A woman answered the phone. "Hello?"
“Yes! This is Dr. Significant
from Southern Baptist Theological Seminary. Can we speak with the reverend,
please?”
“Yes! This is Reverend Somebody Too. Can I help you?”
So it turns out as you have probably already guessed that
the writer of the award-winning sermon was a woman. Her name is Rev. Molly
Marshall and she has preached for this Prescott congregation in the past.
This winning sermon was a problem for the significant
Southern Baptist academics and church leaders. According to the Southern
Baptist understanding of the Reign of God, women cannot preach and they
certainly cannot receive awards for sermons that compete favorably against
sermons written by some of the best men preachers around the country.
It’s not just Southern Baptist men who have problems
realizing the power and potential of women for good in this world. There is a
Hebrew prayer: “Blessed art thou, O Lord our God, King of the Universe, who has
not made me a woman.”
And Mohammed stated, “When Eve was created, Satan rejoiced.”

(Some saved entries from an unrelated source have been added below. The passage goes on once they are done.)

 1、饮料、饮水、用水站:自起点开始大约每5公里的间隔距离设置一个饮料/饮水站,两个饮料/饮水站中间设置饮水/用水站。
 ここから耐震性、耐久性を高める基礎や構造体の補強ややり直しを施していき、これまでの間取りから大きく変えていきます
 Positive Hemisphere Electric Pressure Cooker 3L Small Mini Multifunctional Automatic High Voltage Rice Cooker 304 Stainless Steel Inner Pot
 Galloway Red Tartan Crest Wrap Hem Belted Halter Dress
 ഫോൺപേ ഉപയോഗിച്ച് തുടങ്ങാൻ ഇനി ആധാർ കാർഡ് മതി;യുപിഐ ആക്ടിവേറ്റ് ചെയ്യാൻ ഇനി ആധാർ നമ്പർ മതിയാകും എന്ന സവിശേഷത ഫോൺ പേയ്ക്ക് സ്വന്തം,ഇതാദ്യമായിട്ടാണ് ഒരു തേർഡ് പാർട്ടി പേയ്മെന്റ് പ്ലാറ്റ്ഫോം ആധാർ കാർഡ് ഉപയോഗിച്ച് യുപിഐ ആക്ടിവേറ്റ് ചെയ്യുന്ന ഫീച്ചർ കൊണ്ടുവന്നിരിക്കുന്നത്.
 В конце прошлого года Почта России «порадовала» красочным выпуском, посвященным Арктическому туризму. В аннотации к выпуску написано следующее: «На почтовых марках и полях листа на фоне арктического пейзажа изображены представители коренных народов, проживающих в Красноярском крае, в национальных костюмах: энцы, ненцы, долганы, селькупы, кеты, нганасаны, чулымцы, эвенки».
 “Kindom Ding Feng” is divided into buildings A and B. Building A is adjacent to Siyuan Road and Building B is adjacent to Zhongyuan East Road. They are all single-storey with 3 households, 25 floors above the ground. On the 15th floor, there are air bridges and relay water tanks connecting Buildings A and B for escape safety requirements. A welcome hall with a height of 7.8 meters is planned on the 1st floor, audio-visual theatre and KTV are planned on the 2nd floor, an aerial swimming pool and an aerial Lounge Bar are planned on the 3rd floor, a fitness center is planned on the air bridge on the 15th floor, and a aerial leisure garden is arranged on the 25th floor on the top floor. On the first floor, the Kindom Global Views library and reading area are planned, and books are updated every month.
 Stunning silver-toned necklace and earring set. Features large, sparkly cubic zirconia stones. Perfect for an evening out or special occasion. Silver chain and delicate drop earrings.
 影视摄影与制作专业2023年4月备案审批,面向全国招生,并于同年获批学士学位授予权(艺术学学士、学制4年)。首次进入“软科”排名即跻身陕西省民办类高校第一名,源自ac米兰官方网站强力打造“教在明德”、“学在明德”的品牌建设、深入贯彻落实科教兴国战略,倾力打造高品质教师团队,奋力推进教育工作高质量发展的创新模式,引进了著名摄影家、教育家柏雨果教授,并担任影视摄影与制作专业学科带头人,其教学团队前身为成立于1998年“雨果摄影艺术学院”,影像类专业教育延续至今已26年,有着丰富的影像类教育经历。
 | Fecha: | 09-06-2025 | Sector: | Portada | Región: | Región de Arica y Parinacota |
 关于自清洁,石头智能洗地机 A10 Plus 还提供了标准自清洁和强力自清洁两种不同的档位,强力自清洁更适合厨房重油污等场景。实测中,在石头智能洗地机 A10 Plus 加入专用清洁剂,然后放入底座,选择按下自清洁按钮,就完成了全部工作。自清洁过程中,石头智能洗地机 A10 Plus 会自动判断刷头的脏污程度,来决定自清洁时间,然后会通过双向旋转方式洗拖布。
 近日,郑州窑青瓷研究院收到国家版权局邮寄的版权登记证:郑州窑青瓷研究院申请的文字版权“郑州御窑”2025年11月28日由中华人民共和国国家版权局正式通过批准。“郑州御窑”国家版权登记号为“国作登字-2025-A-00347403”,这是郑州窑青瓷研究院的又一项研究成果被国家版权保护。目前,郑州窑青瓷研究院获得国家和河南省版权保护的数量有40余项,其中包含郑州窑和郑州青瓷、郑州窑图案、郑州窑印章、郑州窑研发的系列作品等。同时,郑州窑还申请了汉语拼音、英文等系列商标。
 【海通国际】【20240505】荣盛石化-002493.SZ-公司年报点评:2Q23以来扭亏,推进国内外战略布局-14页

The writers and leaders of the Christian faith created an
institution and assumed the same pose of contempt for the female. Paul wrote in
his letter to Timothy: “Let the woman learn in silence with full submission. I
permit no woman to teach or to hold authority over a man. She is to keep
silent. For Adam was not deceived but the woman was deceived and became the
transgressor.”
Church men have continued to do their best to use religion
to lock women further into the role of passive and inferior beings, and thus
the more easily controlled property of men.
The women talked together and visited in Elizabeth’s home.
Two women visited in a Judean town in the hill country. As soon as I say that
women were talking there is an immediate assumption (not by all but by too
many) that whatever was being said was not significant. Some of us, men and
women, will inwardly shrug, dismissing the talk between women as meaningless. What
could Mary have to say that would be worth remembering two-thousand years
later? She was fifteen and pregnant. Not
married and pregnant. You can hear the neighbors tut-tutting for shame for shame. And what could Elizabeth have to
say that we would be interested in hearing even now? She was an older woman,
past her prime and now she was pregnant too. The same neighbors tut tut for shame, for shame. Women stand
vulnerable to all passing opinions and judgments cast by neighbors.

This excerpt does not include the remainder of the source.